In 2018, Asia Pacific Xuanhao (APX), a Chinese state-owned company with links to the People's Liberation Army and People's Armed Police, announced a plan to lease land within and around the port at La Unión, particularly islands in the Gulf of Fonseca. The purpose of the lease remained undisclosed. However, some sources stated that it was to "build an electronic network to monitor communications and satellite movements in the hemisphere and particularly those of the United States." Salvadorean lawmakers passed a measure to prohibit the purchase of islands by foreigners in response. In 2021, the United States designated local officials assisting in the attempt to purchase the islands "corrupt and undemocratic actors" for acting as "agents of the People’s Republic of China in exchange for personal benefit."

Upon President of El Salvador Nayib Bukele's visit to China in 2019, he had signed a series of MoUs with General Secretary of the Chinese Communist Party Xi Jinping, in which China would promise El Salvador a total of US$500 million in development projects. These projects include a new national football stadium, a new US$40 million national library, a tourist pier in La Libertad and Ilopango, and US$200 million on the "Surf City" project, thereby involving El Salvador in China's Belt and Road Initiative.

Nayib Bukele announced on Twitter that a cooperation project granted by the People's Republic of China will have US$54 million new national library be built in El Salvador.
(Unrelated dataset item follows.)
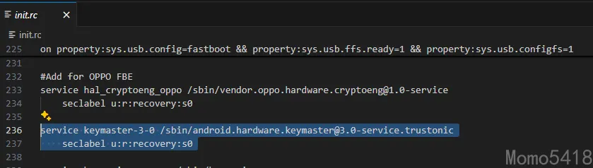 2.可能是init.recovery.cpu代号.rc 未配置keymaster服务 例如:

The Salvadoran President later announced on 30 December 2021, that the 50,000-capacity Estadio Nacional de El Salvador will be built to replace Estadio Cuscatlán as El Salvador's national football stadium, at a cost of US$500 million, in collaboration with China.

=== Foreign aid ===
In 2019, China offered El Salvador around US$150 million in social projects and 3,000 tons of rice to thousands of Salvadorian victims to droughts.

The COVID-19 pandemic in El Salvador saw vaccine diplomacy increase between China and El Salvador. El Salvador received from China 150,000 vaccine doses of the CoronaVac vaccine donated by China, on top of 2 million Sinovac vaccines that the Central American nation had purchased.

== Culture ==
In November 2019, El Salvador permitted the opening of its first Confucius Institute at the University of El Salvador.